所以衙差们在流犯们都进了驿站后,驿站已废弃弄不到补给,他们赶紧又去祈家军那买了不少的菜饼子。

        不只是当晚要发给流犯的,还有后面几天一路上要备的,祈家军那边自个都没菜饼子吃了,明天全得吃全面饼子。

        负责做饭的火头兵边揉面边心疼得直抽抽。

        别看都叫菜饼子,菜饼子和菜饼子之间差别大着呢。

        给祈家军和火头兵们吃的饼子‘添头’是祈康安父女俩自个掏的腰包,否则军粮还真不够,祈康安父女俩对自己人都大方,咱暂时又还出得起,就不会让自己人吃得埋里胡汰的糟溅人。

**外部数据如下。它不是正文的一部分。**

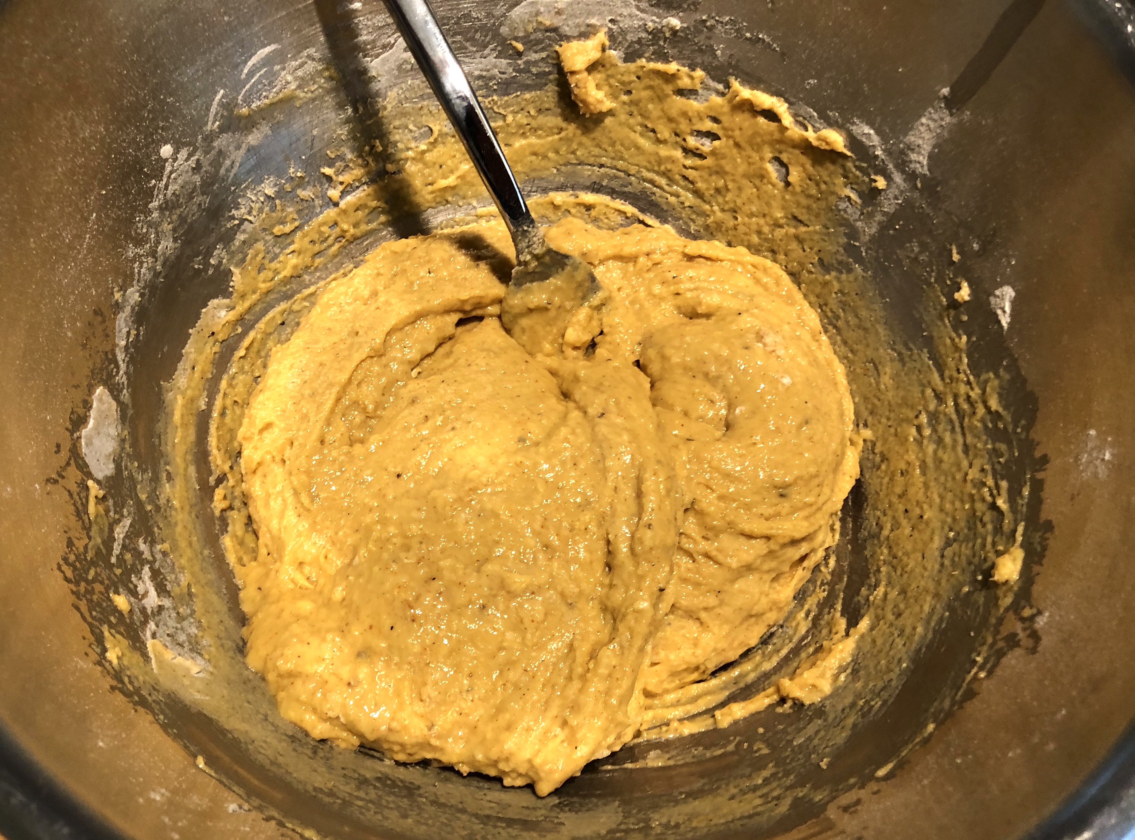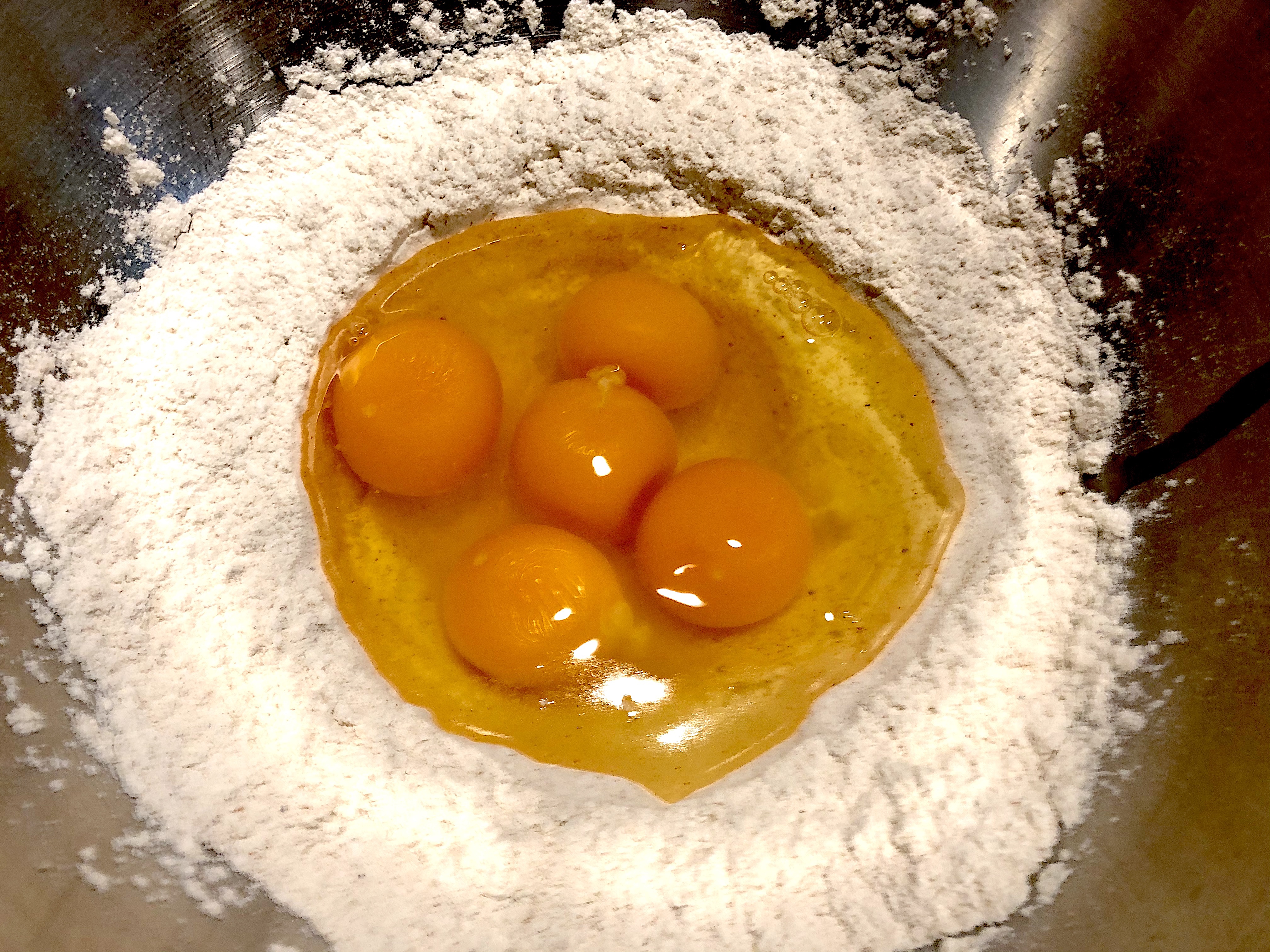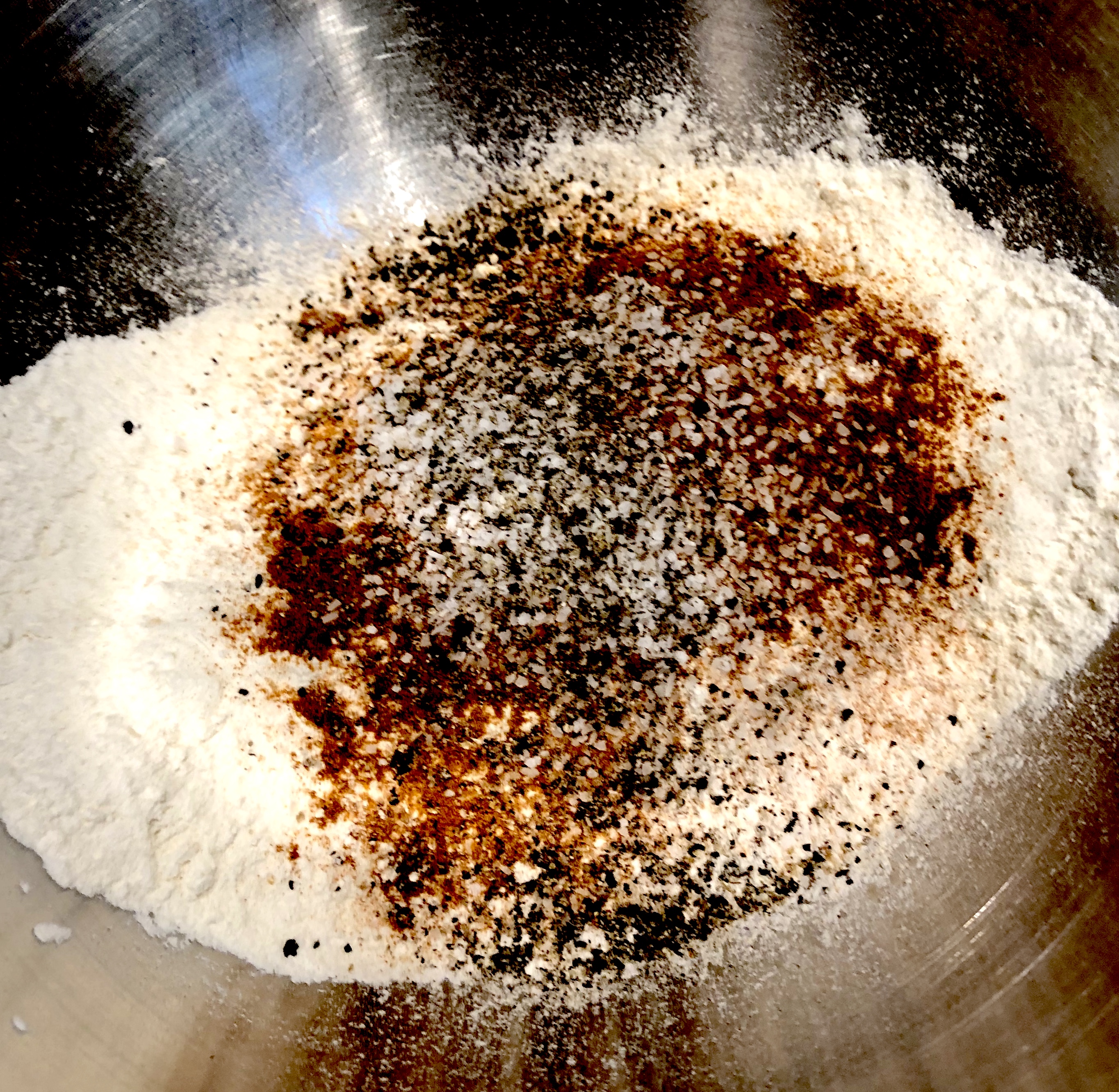 Mix all of the dry ingredients with a fork (Flour, Paprika, Salt, Pepper). Next form a well with the fork. Add the eggs. Stab each yolk (no reason, just fun), then start to whisk with the fork. Slowly start to bring in the flour from the sides a little at a time. As the mixture starts to come together add enough milk to make it not too thick. You want the mixture to be like a very thick batter. I do this whole process from beginning to end with a fork. This is so that I do not over mix.

        白面都是精细面,盐,糖也是随便造,路上偶尔着祈宝儿走烦了还会去山上溜一圈,再拎一窜的野味回来,也会剁巴些合在‘添头’里。

        晚上被衙差买走的就是里面加了碎肉沫的菜饼。

        祈家军那边做的饼还大,一张有两个成一人手掌并起来的大小。

        衙差们哪舍得给流犯这么大张的一人一张?

        那边买的菜饼子面多菜少,捏着柔柔软软面香浓郁,里面加了盐还加了糖,比他们原本备的粮贵了好几倍不说,就他们衙差吃一块走路都得劲,他们哪敢让几千流犯一块得劲。

        所以一张大饼他们商量后给切成了八份,一个流犯只分一小块足矣。